Batir, Batido and Battery, Batter

Batir (Spanish meaning, “to beat”) and its very common derivative, batido (meaning “milkshake” — you beat the ingredients together after all!) both come from the Latin battuere meaning the same, “to beat.”

From that same Latin root we get the English battery — think of the phrase, assault and battery! (Over time, the meaning shifted from beating, to artillery — that which beats the enemy to the ground, literally! — and then from there, to the electric power that powers the artillery, and from there, our more common modern definition of the word.) And batter, like the mixture you make while cooking — that’s you beating the eggs together, right?

The b-t root is visible in all these words.

Remo and Row

Remo (Spanish for the very common word “oar”) is a cousin of, well, the English row.

Remo comes from the Latin for the same, remus, while the English came from the German ruejen; both of those come from Proto-Indo-European *ere, meaning “to row”.

We can see the r- maps to the r- in each and it does make sense. After all, you do use an oar to row.

Cadena and Concatenate, Chain

Cadena (Spanish for “chain”) is a cousin of chain itself.
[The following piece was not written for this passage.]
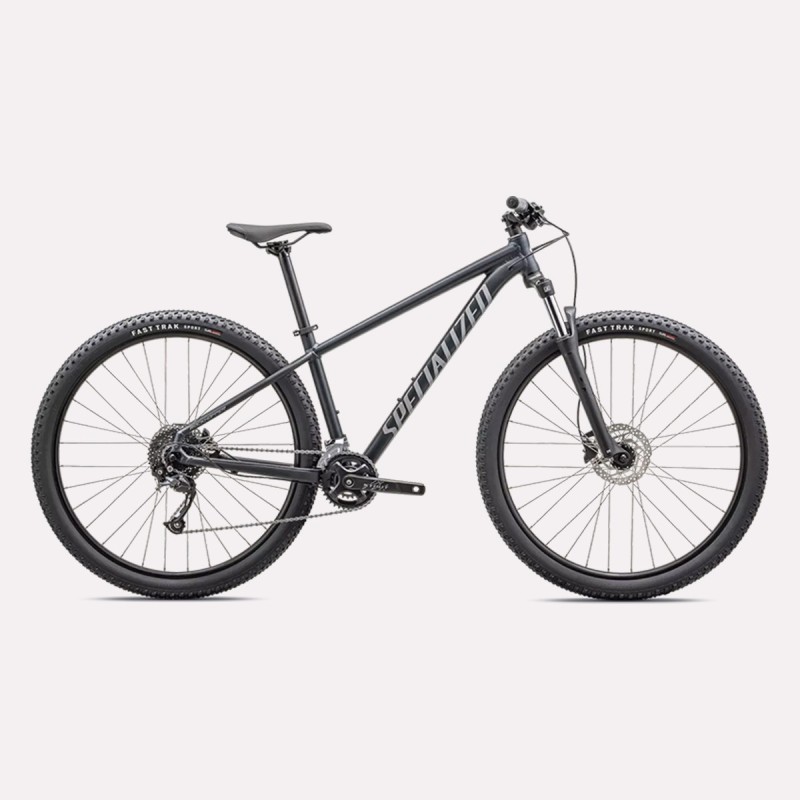 Rockhopper Base, de couleur Gris, de marque Specialized, maniable et performant. Ce Vélo de tout terrain vous emeneras dans tous vos aventures hors piste.

Both come from the Latin for the same: catena.

The English chain is disfigured from the original for a few reasons. Since the English came to our language via the French, the initial c- changed into a ch-, as so often French does. French additionally has a tendency to drop letters: the middle -d- in this case. Thus, the c-(d)-n of cadena maps to the ch-n of chain!

From the same root, we have a more obvious connection–but a more obscure word. Concatenate, a nerdy word meaning “to add together” that really only software developers remember these days, comes from the same root. We can thus see the c-d-n of cadena very easily in the c-t-n of concatenate, remembering the very common -d- and -t- swapping. Concatenate begins with the con- prefix (“together” in Latin, like the Spanish “con”) — and what is a concatenation, if not just adding together a bunch of nodes in a chain?

Temor and Timothy

Temor (Spanish for “fear”) comes from the Latin for the same, timor.

From this root, we also get the English name… Timothy. The -thy ending comes from the Greek theo-, meaning, “God” — so Timothy is literally, one who is scared of God.

From the same root, we also get the less common… temerity, which just means “boldness”: and what is being bold if not, not having any fear?

Boda – Vote

Boda, Spanish for “wedding,” comes from the Latin word votum, meaning a “vote, promise”.

This, indeed, makes sense: what is a wedding if not just a vote in the other person, and a promise to be with them? At least in Spanish it is. (The other word for wedding in Spanish, casamiento, is related to the Spanish for “home”, casa).

This one isn’t obvious, at all, based on the spelling, but it is based on the sound. One lesson is to guess parallel words based on the sounds more than the letters. But pay attention to the letters when they are unexpected or voiced weirdly.